Everyone has had a student like Clint a boy who seems to live on his own planet and who rarely follows directions. Richard Gerver, Wednesday’s keynote speaker at NSBA’s T+L Conference, met this boy when he was principal of a troubled U.K. elementary school.
Gerver was observing the boy’s class write a poem imagining what it was like to be a turtle the completion of a lesson on empathy. The teacher was excellent, said Gerver, but she was frustrated with Clint because his poem instead voiced concern about war and ecological disaster in the future that would affect turtles and also the rest of the world.
Clint had clearly understood the concept of empathy, said Gerver, but his teacher was “under pressure to produce outcomes.” Much of Clint’s understanding of the world came from outside school through the Internet and social media. “But in school, he was being called a failure because he couldn’t concentrate on one set outcome.”
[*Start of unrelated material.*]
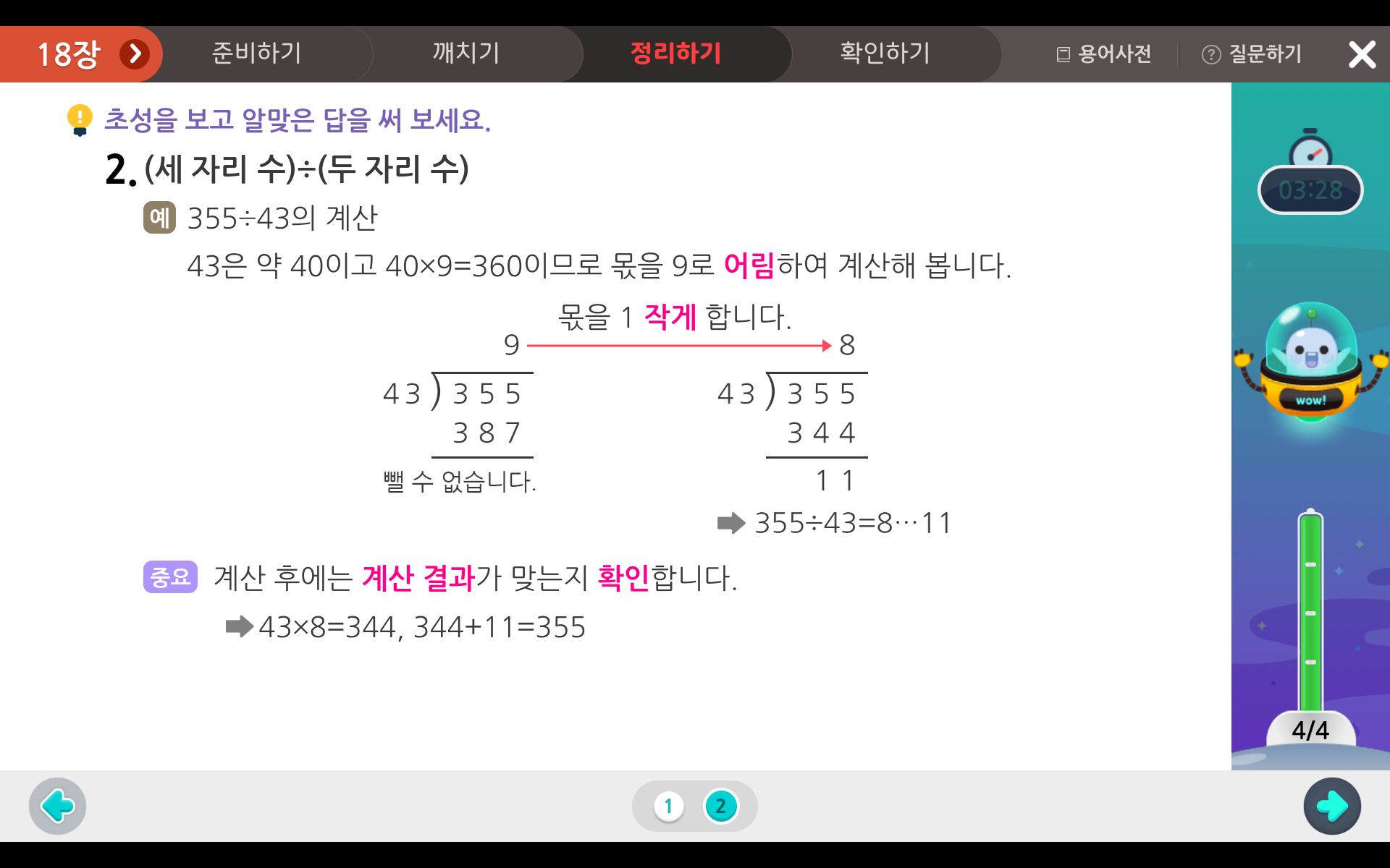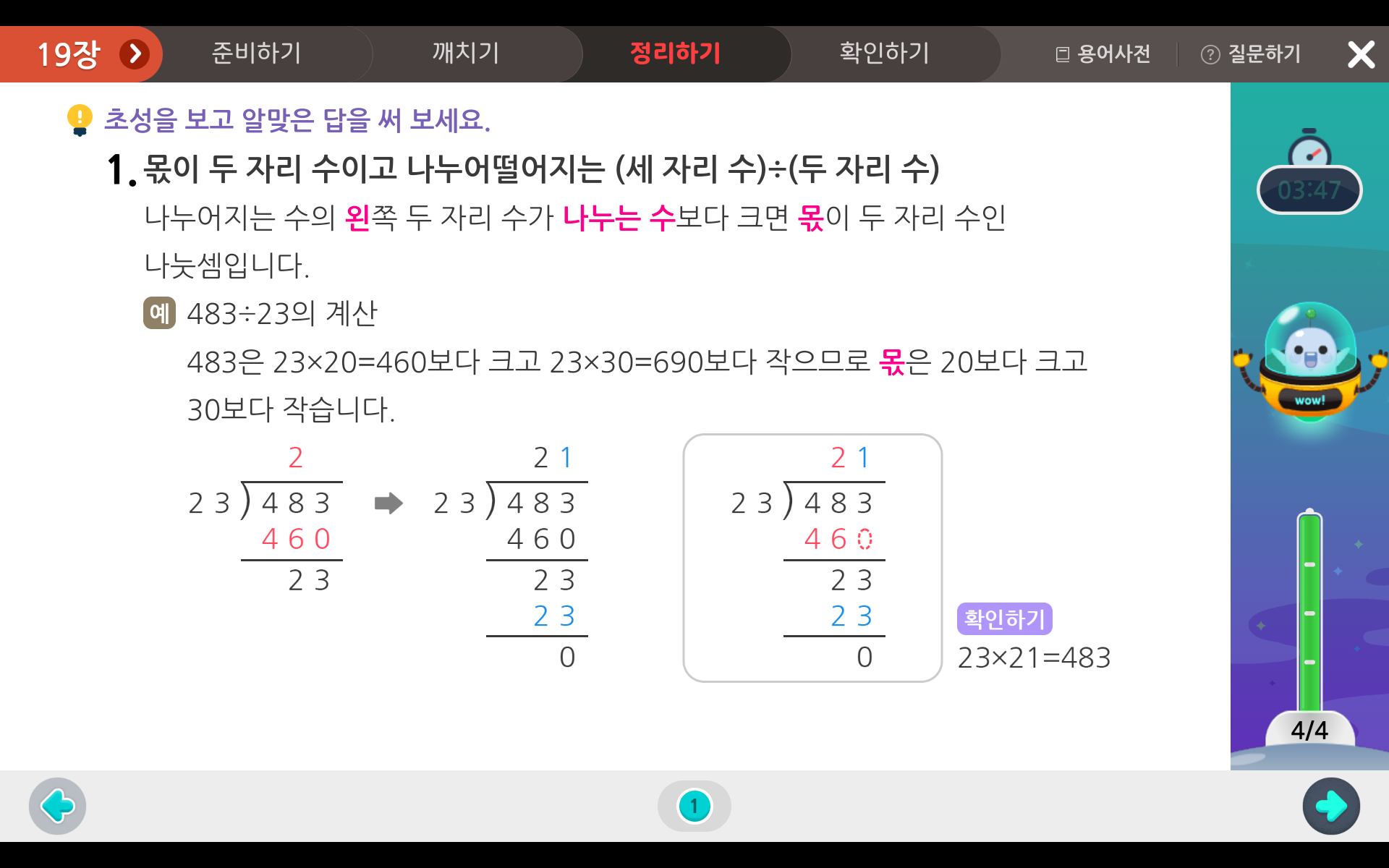 자리 수가 커져도 반복적으로 나눗셈 공부를 하다보면 어림 잡아 곱하기로 몫을 계산하지 않아도,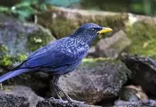 紫啸鸫是雀形目鹟科啸鸫属鸟类,又称黑雀儿,山鸣鸡、乌精。成鸟眼先及颏绒黑色;前额、头顶至背及肩羽和颈侧呈深紫蓝色,羽端具较密集的亮蓝色点斑;腰至尾上覆羽的深紫蓝色较暗而杂黑褐色,…全部>>

Gerver, co-founder of the International Curriculum Foundation and former education adviser to Tony Blair, told the general session audience that many educators he’s encountered are passionate and committed to their jobs, but they’ve been trained to deliver systems.
“People had grown to resent the system, because they felt no real sense of empowerment,” Gerver said of the teachers at his former elementary school. “They knew what their students needed, but when they felt they had space to do something, it was taken away by another top down initiative.”
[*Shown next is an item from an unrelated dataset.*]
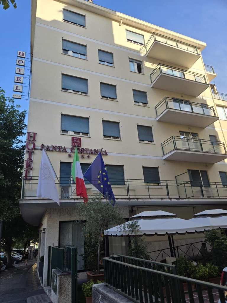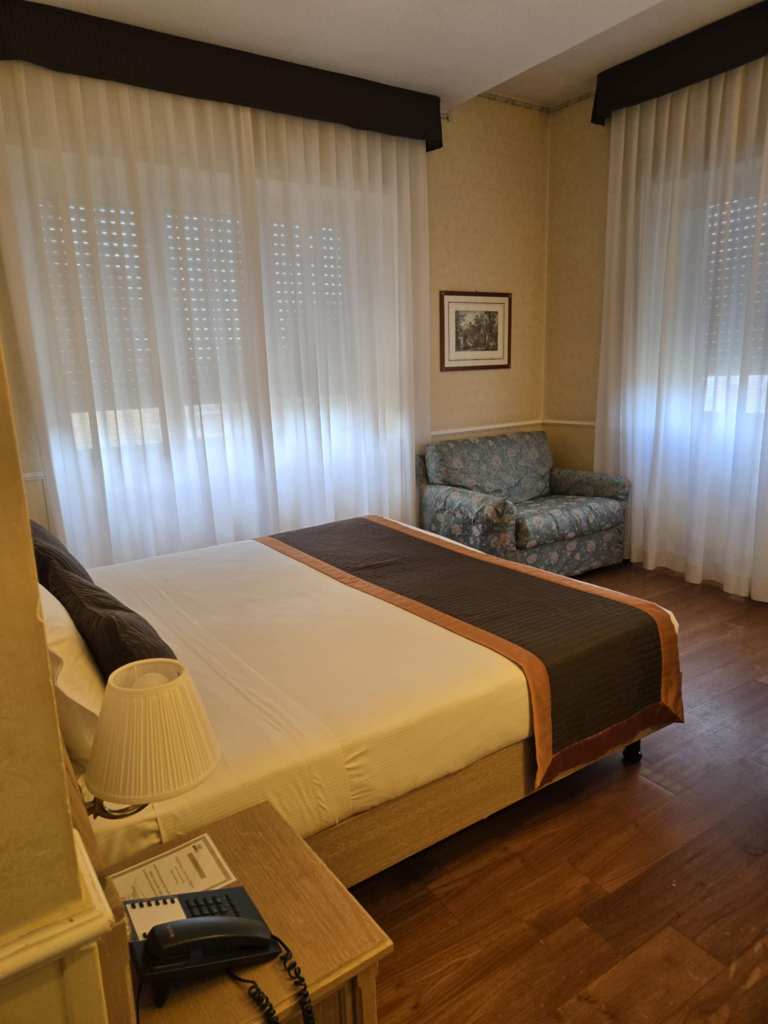 Quand on arrive finalement à destination, j’ai peine à le croire. Si les autres ont déjà pu profiter d’un après-midi pis d’une nuit ici en sortant de l’avion, moi, tout ce que j’en ai vu, c’est l’aéroport pis la gare Roma termini. 🤷♀️ Pour les deux nuits qu’on va passer dans la ville, notre groupe est divisé dans deux hôtels. Moi, je loge au Santa Costanza. Coup de chance, dorment aussi dans cet hôtel Sylvain, Nancy, Jocelyn, Michèle, Benoît, Nathalie, Jean, Caroline, Érick, Lyne, Marie-Antoinette, Marie-Yoleine pis Nargis. Je suis contente parce que c’est avec eux-autres que j’ai le plus sympatisé dans le groupe. Comme quoi, on peut pas toujours être badlucké. L’hôtel ici est un peu vieillot mais charmant pis très propre. « L’ascenseur » pour monter aux chambres a plutôt des allures de monte-charge dans lequel deux personnes maximum peuvent entrer. Benoît, qui a dormi ici lors de sa première nuit en Italie, me montre comment m’en servir. Je découvre par la suite ma chambre étincelante de propreté pis d’apparence confortable. Je suis ravie. 😍

Governments and societies see education as a conveyer belt system, he said. Everyone joins the journey at the same stage. All are expected to be at the same stage, regardless of background, and have to come out at the same stage. Meanwhile, the government is telling you to be more creative.
“It’s like working in a factory that makes lemon meringue pie,” Gerver said. “The pie has to be the same the ingredients are different, like children are different, but you must produce the same lemon meringue pie.”
Educators face challenges with using digital media, he said, which is designed around the essence of empowerment, because the education system works against empowerment. “We are working so hard to keep up new technologies just get added to what we do.”
Digital technology can be a tool to boost the creativity of both adults and students, said Gerver, because it allows people to take risks.
How educators perceive risk is important, he said. “The greatest inhibitor is the perception of risk and how we avoid it as we get older. We close down our own possibilities. As we get older, we teach our children that’s the realm they have to live in, too.”
But in a digital world, students are taking risks all the time. When they die in a video game, they just start over, having learned something about the game, too. “You learn nothing new from getting something right,” he said. “You learn from mistakes — realization that you don’t know something.”
Gerver asked the audience: “How can we use technology to turn our children and educators into risk takers?”
NSBA’s Executive Director Anne L. Bryant, who introduced Gerver, welcomed the early morning crowd in Phoenix: “It’s great to see so many school leaders who are interested in learning how technology can help their districts do more with less.”
She continued: “Over the past year, I’ve spoken with many of your colleagues across the country and they have shared their challenges with me. Today’s public educators are expected to raise student achievement, reduce the achievement gap, prepare students for the global economy, and engage their students and communities, all with smaller budgets.”
The conference continues through today.